Supplied information:
▼▼▼

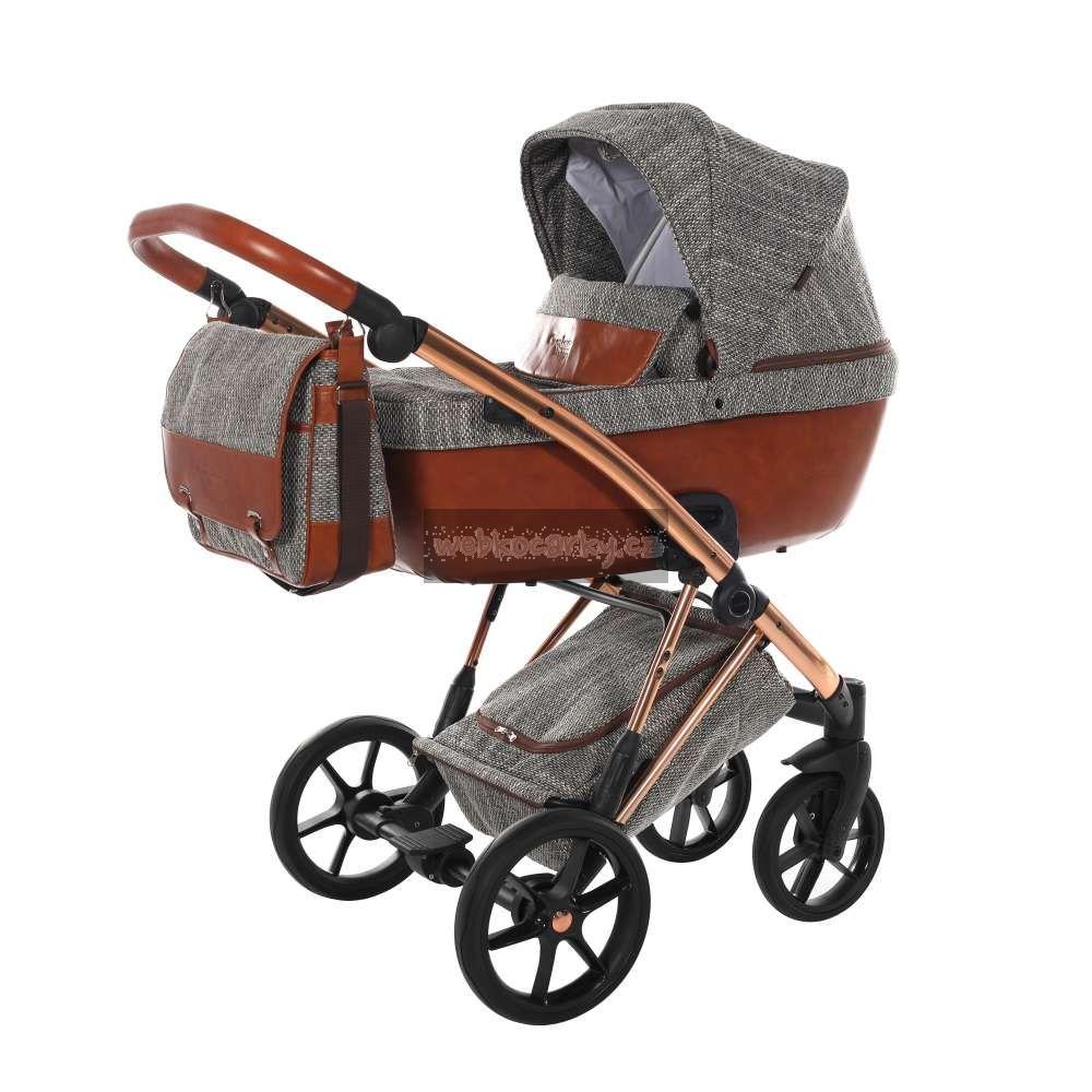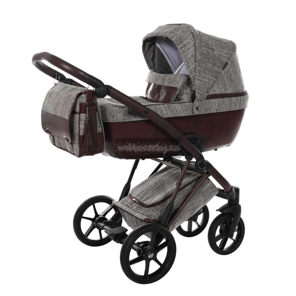 Koženkový košík pod kočárkem zvládne velkou nálož, je uzavíratelný na zip. Prach a špína nemá šanci - jednoduše se prach nebo bláto z koženky setře.
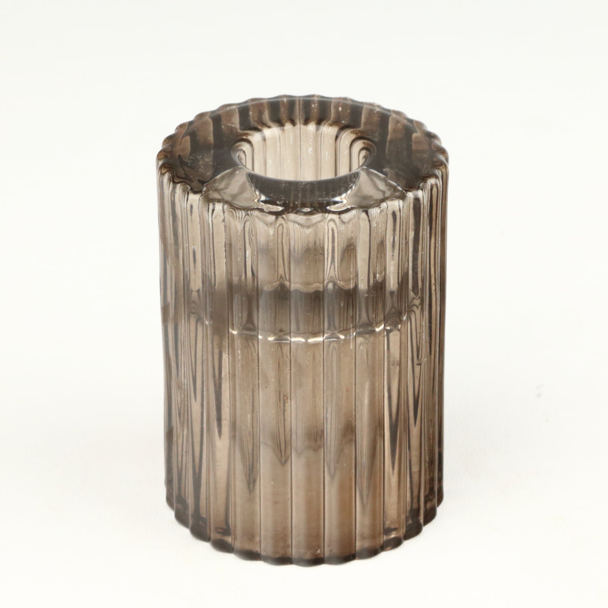 This versatile piece accommodates both dinner candles and tea lights, making it an adaptable addition to any table setting. The clean ribbed finish complements contemporary and classic interiors alike, creating ambient lighting for intimate dinners or quiet evenings. Handmade, each piece is unique.
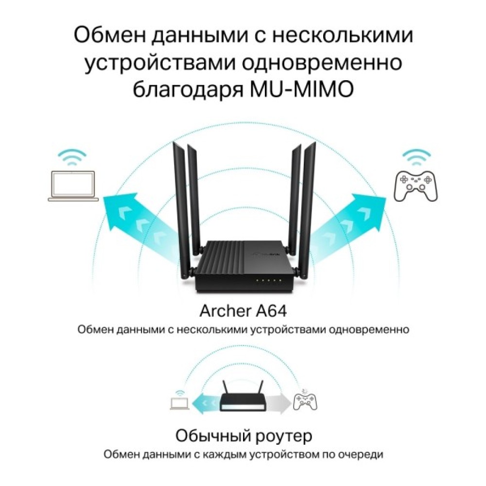 Технологія MU-MIMO забезпечує одночасне підключення декількох пристроїв без втрати якості з'єднання, що робить ARCHER A64 ідеальним для великих родин або офісів з численними гаджетами. Завдяки чотирьом незнімним антенам, ви отримаєте покриття на великій площі, а технологія Beamforming покращить якість сигналу для пристроїв, які знаходяться далі від маршрутизатора.
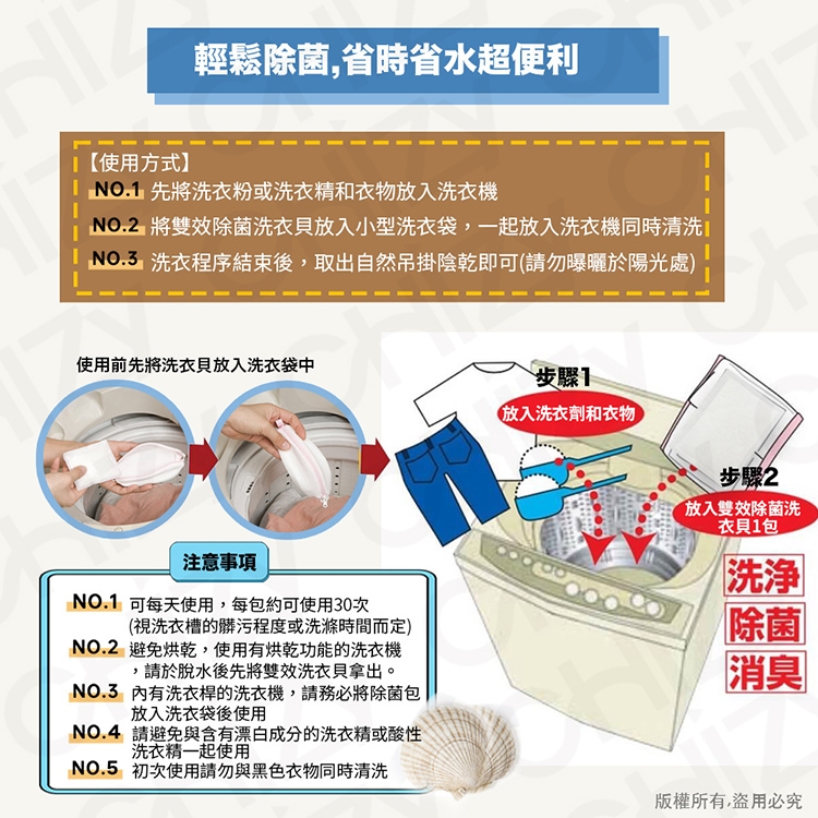 - 洗衣機內有洗衣桿的洗衣機,請務必將雙效除菌洗衣貝放入洗衣袋內使用

▲▲▲

Task requirements:
When the listing is transcribed, every line must match the original exactly, and the pictures must be left out.

Solved problem:
 Koženkový košík pod kočárkem zvládne velkou nálož, je uzavíratelný na zip. Prach a špína nemá šanci - jednoduše se prach nebo bláto z koženky setře.
 This versatile piece accommodates both dinner candles and tea lights, making it an adaptable addition to any table setting. The clean ribbed finish complements contemporary and classic interiors alike, creating ambient lighting for intimate dinners or quiet evenings. Handmade, each piece is unique.
 Технологія MU-MIMO забезпечує одночасне підключення декількох пристроїв без втрати якості з'єднання, що робить ARCHER A64 ідеальним для великих родин або офісів з численними гаджетами. Завдяки чотирьом незнімним антенам, ви отримаєте покриття на великій площі, а технологія Beamforming покращить якість сигналу для пристроїв, які знаходяться далі від маршрутизатора.
 - 洗衣機內有洗衣桿的洗衣機,請務必將雙效除菌洗衣貝放入洗衣袋內使用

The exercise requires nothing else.